Relationship Between 8D and FMEA
FMEA is a tool generally used in the planning of product or process design. The Failure Modes in a FMEA are equivalent to the problem statement or description in an 8D. Causes in a FMEA are equivalent to potential causes in an 8D. Effects of failure in a FMEA are problem symptoms in an 8D. The relationships between 8D and FMEA are outlined below:
- The problem statements and descriptions are sometimes linked between both documents. An 8D can utilize pre-brainstormed information from a FMEA to solve problems. However, the D2 (Problem Description)

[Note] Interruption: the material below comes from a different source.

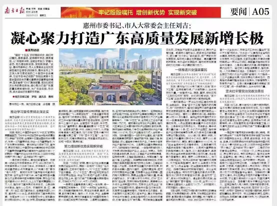 “锚定‘十五五’开好局起好步,我们牢记嘱托、感恩奋进,坚持稳中求进、提质增效,以‘开局即冲刺、全域全年发力’的奋斗姿态,努力增创新优势、实现新突破。”近日,惠州市委书记、市人大常委会主任刘吉接受南方日报专访时表示,惠州全市上下正深入学习贯彻党的二十届四中全会精神、习近平总书记视察广东和出席第十五届全国运动会开幕式重要讲话重要指示精神,落实省委“1310”具体部署,坚决扛起经济大市的责任担当,凝心聚力打造广东高质量发展新增长极,为广东走在前、作示范、挑大梁当好支撑多作贡献。

- Possible causes in a FMEA can immediately be used to jump start 8D Fishbone or Ishikawa diagrams. Brainstorming information that is already known is not a good use of time or resources.
- Data and brainstorming collected during an 8D can be placed into a FMEA for future planning of new product or process quality. This allows a FMEA to consider actual failures, occurring as failure modes and causes, becoming more effective and complete.
- The design or process controls in a FMEA can be used in verifying the root cause and Permanent Corrective Action in an 8D.
The FMEA and 8D should reconcile each failure and cause by cross documenting failure modes, problem statements and possible causes. Each FMEA can be used as a database of possible causes of failure as an 8D is developed.